El islam habla en detalle sobre este tema y dice lo siguiente: en primer lugar, nunca se puede tomar la ley en tus propias manos, sino que se debe seguir la ley vigente.

Luego, nos dice que cuando alguien comete un delito, sea grande o pequeño; al tratar con el trasgresor, debemos siempre dar prioridad a la reforma. Si se decide castigar al trasgresor, el castigo no debe impartirse por venganza, sino para que la persona cambie y mejore.

Pero si podemos conseguir que la persona cambie su actitud perdonándole, el castigo debe ser perdonado o la pena puede ser reducida. Una pena más severa que la exigida por el perjuicio causado, o el perdón en un caso en el que no dé lugar a una mejora, serían ambos erróneos.

Encontramos ejemplos prácticos de esta enseñanza en la vida del Fundador del Islam. Perdonó incluso a sus enemigos más feroces y crueles si veía que el trasgresor se había reformado.

Uno de los relatos dice que, durante un viaje, la hija del Profeta fue brutalmente atacada por una persona. Ella estaba embarazada en ese momento y como resultado del ataque abortó. Finalmente, ella también murió. El agresor fue condenado a muerte por ello.

Pasado un tiempo, el asesino buscó al Profeta para mostrar su arrepentimiento e implorarle su perdón. El resultado fue que, dando una mayor importancia a la reforma del individuo, el Profeta perdonó al asesino de su propia hija.

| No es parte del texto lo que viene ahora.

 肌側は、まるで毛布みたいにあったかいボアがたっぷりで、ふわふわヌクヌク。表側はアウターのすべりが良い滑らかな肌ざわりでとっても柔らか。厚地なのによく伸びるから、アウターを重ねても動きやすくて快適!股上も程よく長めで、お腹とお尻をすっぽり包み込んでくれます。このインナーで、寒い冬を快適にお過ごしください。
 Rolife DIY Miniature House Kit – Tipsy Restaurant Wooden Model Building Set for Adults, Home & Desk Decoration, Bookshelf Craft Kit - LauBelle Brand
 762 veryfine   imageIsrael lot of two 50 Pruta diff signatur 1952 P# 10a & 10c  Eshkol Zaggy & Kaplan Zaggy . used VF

También debemos tener en consideración el impacto que pueda tener nuestra decisión en la sociedad. Si la amnistía puede envalentonar a más criminales entonces no conviene perdonar sino castigar.

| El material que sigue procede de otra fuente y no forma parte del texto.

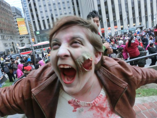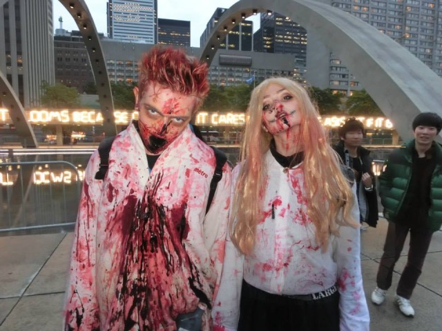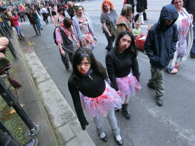 姉妹か双子か、どんな年齢でも妥協ない仮装や演技をするのがカナダのゾンビウォークです。
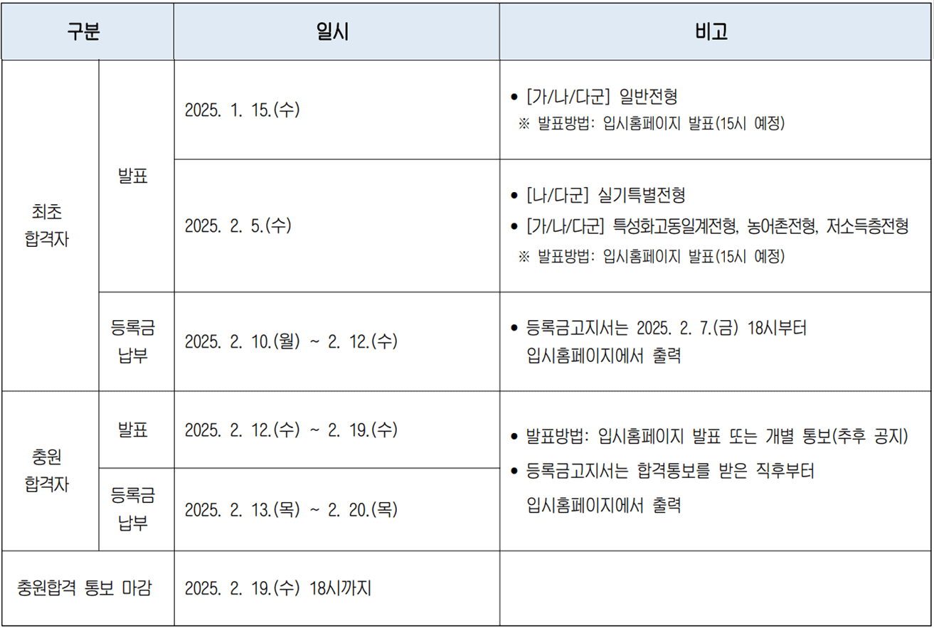 - 2025. 2. 5.(수) 15시 예정 : [나/다군] 실기특별전형, [가/나/다군] 특성화고동일계전형, 농어촌전형,
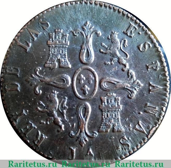 Реверс монеты 8 мараведи 1822-1823 годов Испания
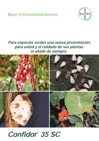 Confidor 35 SC es un insecticida sistémico efectivo contra insectos chupadores y minadores en cultivos y plantas ornamentales. Tiene ventajas como acción sistémica excelente, alta efectividad contra plagas comunes, baja toxicidad, y puede aplicarse por follaje o riego al suelo. Se recomienda su uso contra pulgones, cochinillas, trips, mosca blanca y minador de la hoja en cultivos como clavel, rosal y crisantemo.

¿Crees que una persona voluntariamente puede ser castigada por los crímenes de otra persona?

Las respuestas en este caso fueron todas similares y con razón. El problema de que un tercero sea castigado por los crímenes que comete una persona es que no se consigue el propósito principal del castigo: la reforma del individuo.

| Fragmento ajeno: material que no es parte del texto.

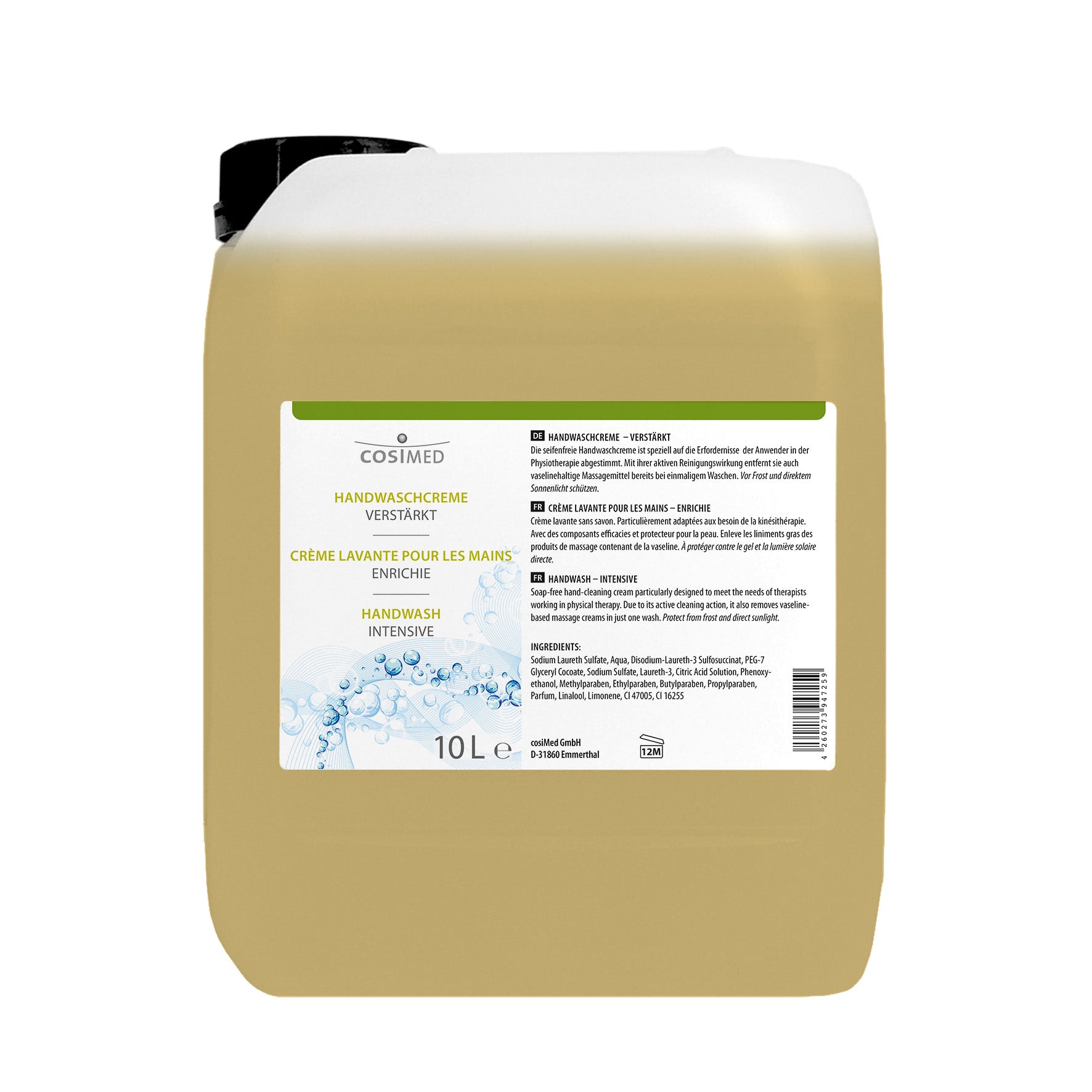 Die cosiMed Handwaschcreme verstärkt wurde für die zuverlässige Reinigung stark beanspruchter Hände entwickelt. Ihre seifenfreie, pH-hautneutrale Formulierung entfernt selbst Rückstände öl- und vaselinehaltiger Massagemittel oder Massageöle bereits beim einmaligen Waschvorgang. Dabei bleibt die Haut spürbar gepflegt und wird nicht gereizt. Der dezente Duft rundet das angenehme Reinigungserlebnis ab. Ideal für den täglichen Einsatz in Physiotherapie, Massagepraxis, Studio oder Werkstatt – überall dort, wo Hände häufig mit pflegenden oder öligen Produkten in Kontakt kommen.

El Corán coincide también con esta opinión. Rechaza la doctrina de la expiación y dice que cada uno somos responsable de las consecuencias de nuestras propias acciones, aunque no seamos conscientes de ellas. Las faltas morales del hombre obstaculizan su propio desarrollo personal y sus efectos son duraderos. Para poder compensar esa deficiencia tendrá que esforzarse más y trabajar más duro en mejorar, y eso no lo puede cambiar el hecho de que un tercero reciba el castigo por sus delitos.

Conclusión

En resumen, el islam presenta una definición de justicia que pone énfasis en promover las buenas obras y en darnos siempre esperanza para superar nuestras debilidades. En cuanto a las trasgresiones, busca la reforma del individuo y de la sociedad primero a través del perdón y, si no es posible, entonces a través de un castigo proporcional a la trasgresión. Finalmente, defiende la idea de que cada individuo es responsable de sus propias acciones.